Add LightGBM support

author: Birte Kristina Friesel <birte.friesel@uos.de> 2024-03-06 16:27:19 +0100
committer: Birte Kristina Friesel <birte.friesel@uos.de> 2024-03-06 16:27:19 +0100
commit: 29d10d5dd6c08bcafc7c34c48b8db599fcbd7e49 (patch)
tree: 8de6f67ffed23da7e99be12c87a2c28bdfedad0a /lib
parent: 89568c6b4b9a35612c794431d551bc0cc638e46d (diff)
4 files changed, 190 insertions, 1 deletions
diff --git a/lib/cli.py b/lib/cli.py
index 89fabf6..ed25d62 100644
--- a/lib/cli.py
+++ b/lib/cli.py
@@ -207,6 +207,8 @@ def print_model(prefix, info):
         print_splitinfo(info, prefix)
     elif type(info) is df.LMTFunction:
         print_lmtinfo(prefix, info)
+    elif type(info) is df.LightGBMFunction:
+        print_xgbinfo(prefix, info)
     elif type(info) is df.XGBoostFunction:
         print_xgbinfo(prefix, info)
     elif type(info) is df.SymbolicRegressionFunction:
diff --git a/lib/functions.py b/lib/functions.py
index f557cbb..417c8c8 100644
--- a/lib/functions.py
+++ b/lib/functions.py
@@ -991,6 +991,173 @@ class LMTFunction(SKLearnRegressionFunction):
         }
 
 
+class LightGBMFunction(SKLearnRegressionFunction):
+
+    def fit(self, param_values, data):
+
+        # boosting_type : str, optional (default='gbdt')
+        #     'gbdt', traditional Gradient Boosting Decision Tree.
+        #     'dart', Dropouts meet Multiple Additive Regression Trees.
+        #     'rf', Random Forest.
+        boosting_type = os.getenv("DFATOOL_LGBM_BOOSTER", "gbdt")
+
+        # n_estimators : int, optional (default=100)
+        #     Number of boosted trees to fit.
+        n_estimators = int(os.getenv("DFATOOL_LGBM_N_ESTIMATORS", "100"))
+
+        # max_depth : int, optional (default=-1)

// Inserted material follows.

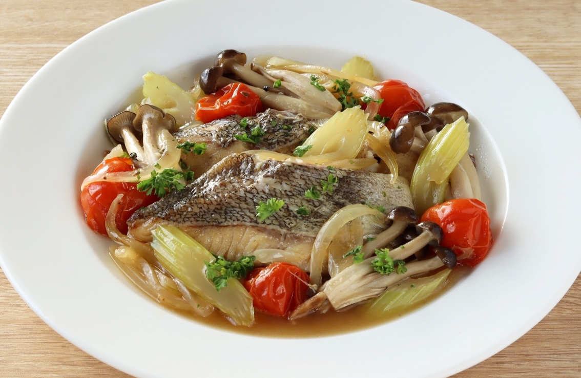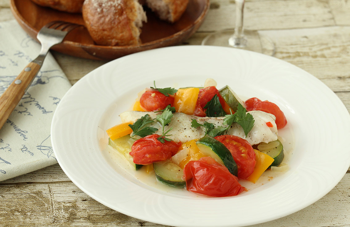 夏野菜と白身魚の白ワイン蒸し
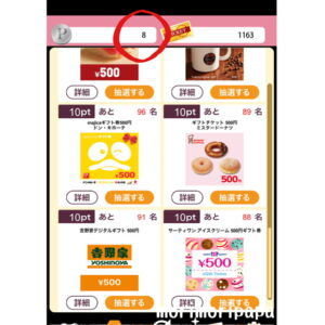残りポイントが「8ポイント」になっています。495回の抽選を終えました。短い動画をみてまとめて抽選をやりましたが、動画が短くなかったので1時間くらいかかりました。そして、、、

+        #     Maximum tree depth for base learners, <=0 means no limit.
+        max_depth = int(os.getenv("DFATOOL_LGBM_MAX_DEPTH", "-1"))
+
+        # num_leaves : int, optional (default=31)
+        #     Maximum tree leaves for base learners.
+        num_leaves = int(os.getenv("DFATOOL_LGBM_NUM_LEAVES", "31"))
+
+        # subsample : float, optional (default=1.)
+        #     Subsample ratio of the training instance.
+        subsample = float(os.getenv("DFATOOL_LGBM_SUBSAMPLE", "1."))
+
+        # learning_rate : float, optional (default=0.1)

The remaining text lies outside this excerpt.